I've finally got music and photos synching with GTKpod and libiphone.  Music is fine, easier than ituNes.  Getting pictures on the ipoD is slightly clumsy, but easier than making the iTunes on my wife's computer play nice with two separate accounts and finding a time when she isn't using it.   (Itunes does not understand user accounts on Windows--even though my ipod is set up under a different user account, I have to hold shift when launching to be able to select my ipod files, and remember to switch it back before my wife uses hers)

The other major issue is ebooks.  I use Stanza to read ebooks, and I now prefer reading on the iPod to reading a paper book.  My page is kept, I have one thing to keep track of, and it fits a huge library of books in my pocket.  Unfortunately the part of Stanza that loads your books isn't available on Linux, again requiring my wife's computer. 

The final piece for ebooks on Linux was Calibre.   Stanza on the ipOd has the capability to download directly from the web.  Calibre takes advantage of this and sets your computer to serve your books.   Another advantage to this is that the books are pulled onto the ipod, rather than pushed to it from the computer.  This means that one install of Calibre could serve many people without bothering the user of the computer.  

Calibre also converts to and from various document and ebook formats, so you can take a .pdf or .html file and turn it into a format your reader can use, although with some limits.  One of the limits is dealing with an original that is badly formatted.   Several of the books I downloaded had word wrap set so that on the ipod, I'd get a full line, half a line, then a blank line.  The original document had lines that were set to a fixed length longer than the ipod screen can display.  I fixed this by opening in Open Office, replacing all instances of two carriage returns in a row and replacing them with a ::::, then finding all remaining carriage returns and replacing them with two spaces.  Finally, replace all the :::: with a carriage return, and you now have sensible paragraphs that will wrap properly regardless of screen size.    Open Office can save in .rtf and HTML formats that Calibre can read. 

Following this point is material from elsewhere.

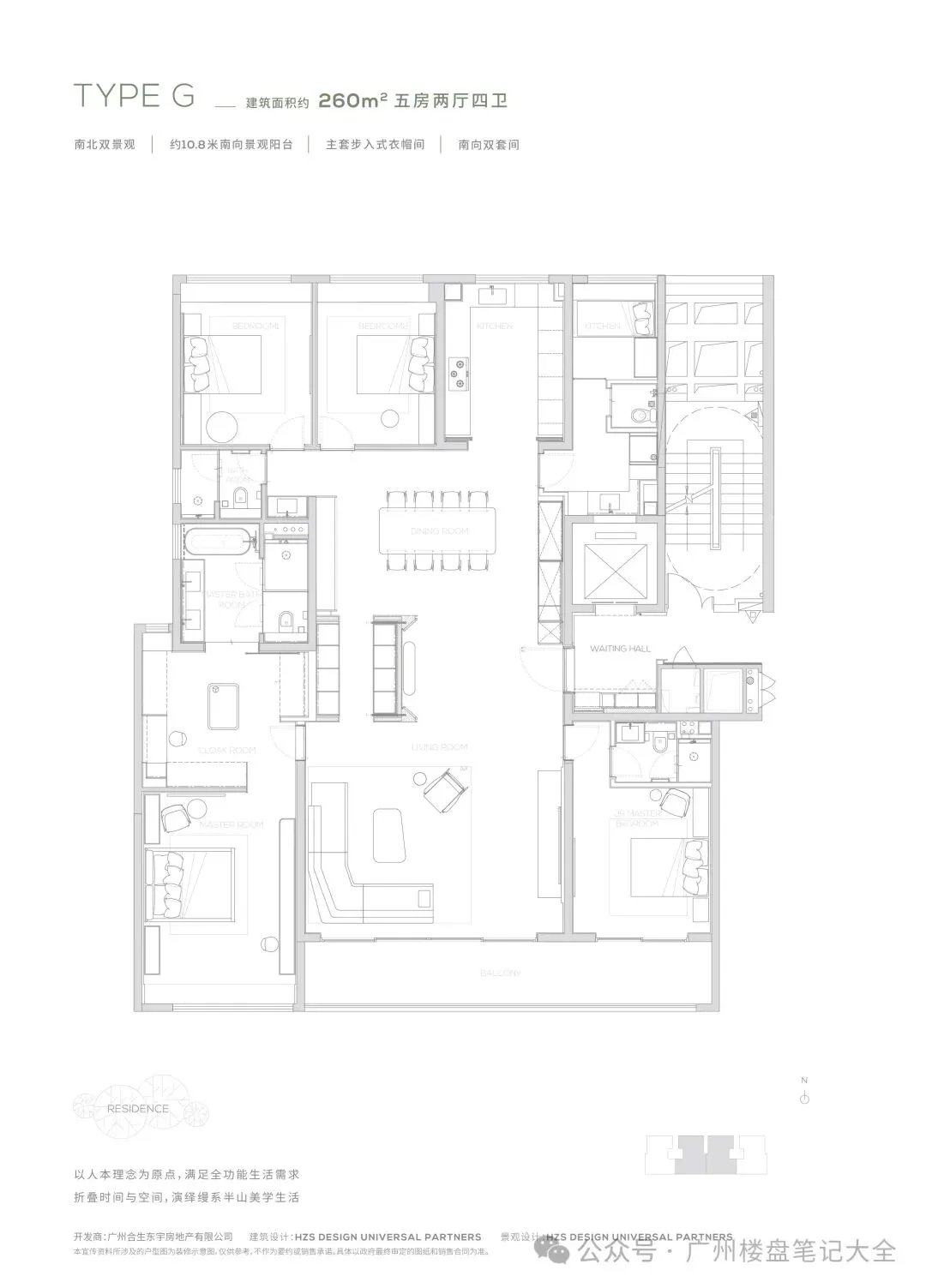 【260㎡户型】超10米南向景观阳台-南北双景观-主套步入式衣帽间-独创灵动岛设计,生活场景多重切换

Unfortunately there is apparently a bug in Calibre's .rtf conversion that makes pages after the first one blank..  Oddly, this is one page, regardless of font size--Decreasing the font to something barely readable showed more text, but still a blank second page.  Saving as .html and using that to create the ebook solved that.  

A lot of work, but in the end worth the effort.  I now have plenty of reading material on my iPod, including quite a few Heinlein stories I haven't read in decades, and some I can't remember reading ever.